И Стрела вдруг поняла: не уступи она сейчас, жизни ее придет конец.

Лоза заметил ужас в глазах женщины. Сжал пальцы в кулаки, чтобы те не вцепились ей в горло.
- Уходи. И никогда больше ко мне не приближайся, - сделал шаг назад, увеличивая между ними расстояние. 
Стрела выдохнула. Ей стало легче. И хотела было вновь пуститься в объяснения, чтобы замолить свой дурацкий поступок, просить, чтобы все осталось как прежде (ведь ей хватало его улыбки, нечаянных прикосновений, долгого взгляда, за которым мерещился интерес), как Лоза обрубил все одной фразой:
- Запомни, я не умею любить женщин. Я умею их убивать.

***

Саардис никогда не знал своей матери. Его это обстоятельство нисколько не удивляло, поскольку дети, которые жили рядом, тоже не ведали женской ласки. Их воспитывали отцы. Взрослые воины отдавали сыновьям все время, всех самих себя, поскольку возлагали на новое поколение большую надежду – возрождение Сулейха. Со всеми его законами и устоями, в которых не было места женщинам.
Да, бахриманам пришлось отступить, спрятаться в глухих местах, наплевав на оставленные богатства и завоевательные планы. С момента разгрома они годами терпели невзгоды и неустроенность и готовы были на большее, лишь бы их мальчики не попали в руки воинов Союза пяти королевств.
Саардис помнил, как сосед не выдержал жизни на болоте и решил вместе с маленьким сыном поискать лучшей доли, но, открыв портал, напоролся на магическую ловушку, которая разнесла отца и сына в мелкую пыль.
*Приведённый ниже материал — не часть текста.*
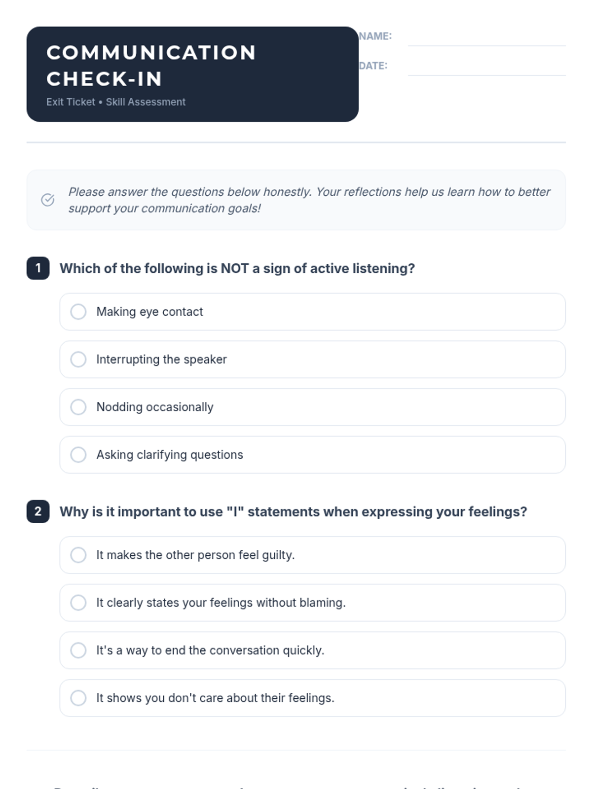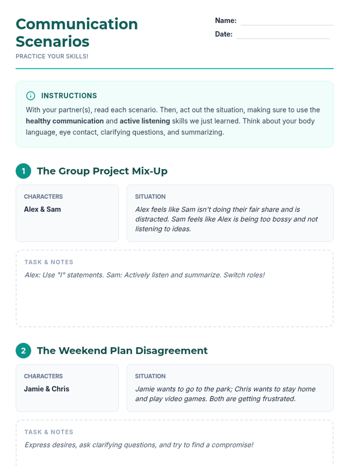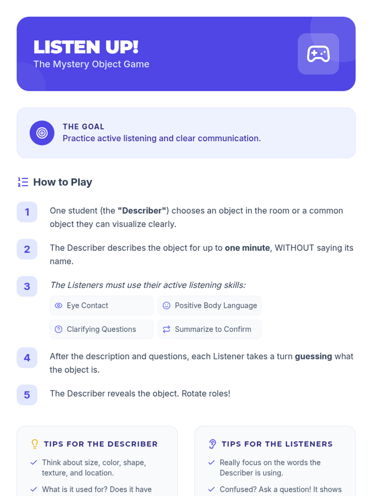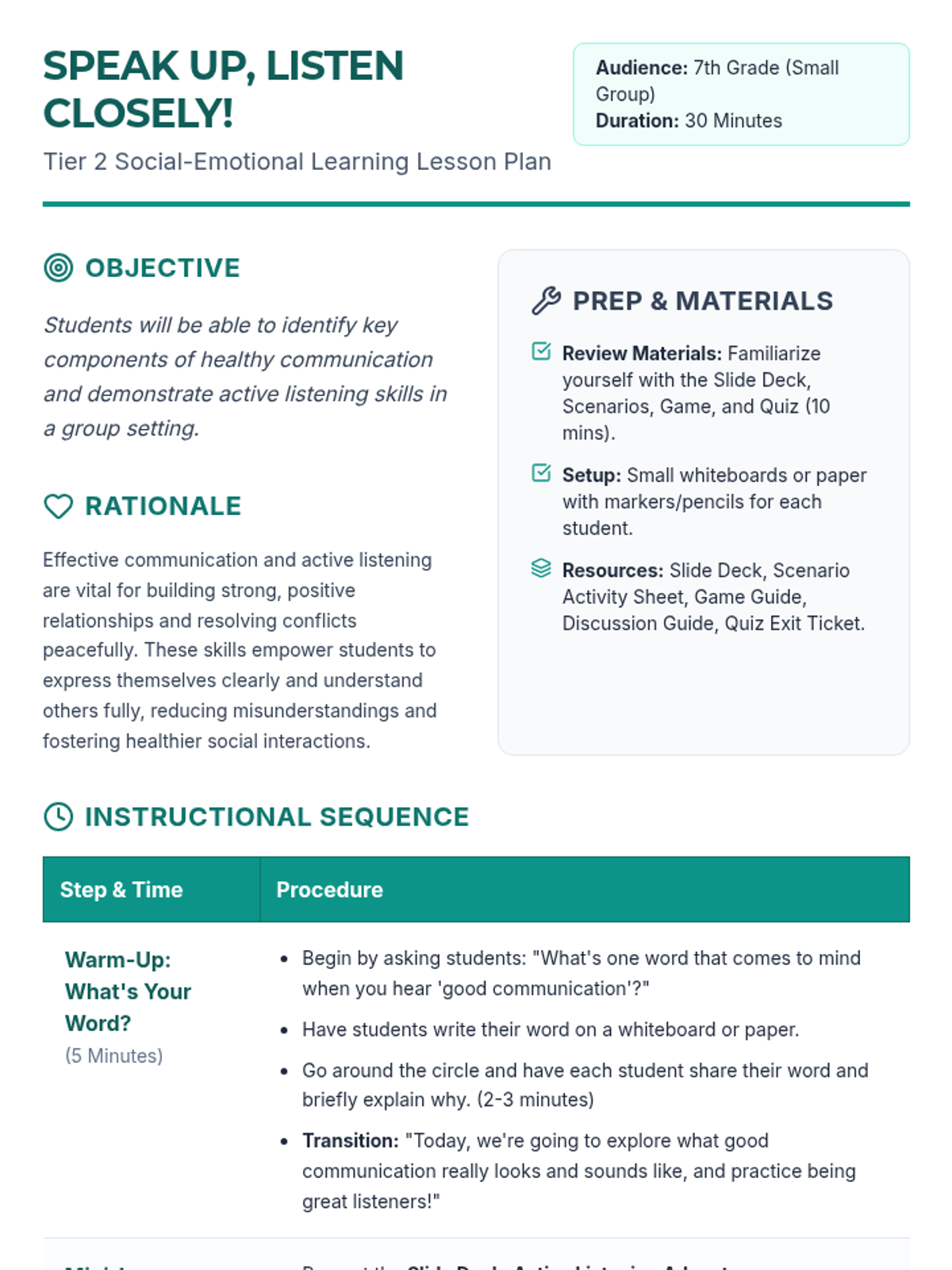 A 30-minute Tier 2 small group lesson for 7th-grade students focused on developing active listening and healthy communication skills through interactive scenarios and games.

Спасшиеся от армии Союза пяти королевств бахриманы гибли один за другим. И по большей части не ловушки были тому виной – грязный болотный воздух, сырость и гнус летом, долгие ледяные ночи зимой мало оставляли шансов не заболеть, выдержать, выжить.
- Отец, а если сдаться на милость врага? Что тогда с нами сделают эти эрийцы и бреужцы? – королевства находились совсем рядом, и жизнь там казалась юному бахриману в сто крат лучшей, чем в забытой Творцом дыре, где они, будто болотные жабы, прятались сейчас. Он же слышал, и не раз, как взрослые вспоминали цветущие сады, белокаменные, прогретые солнцем замки Сулейха, яства, от которых ломились столы.
- Убьют, - коротко отвечал отец.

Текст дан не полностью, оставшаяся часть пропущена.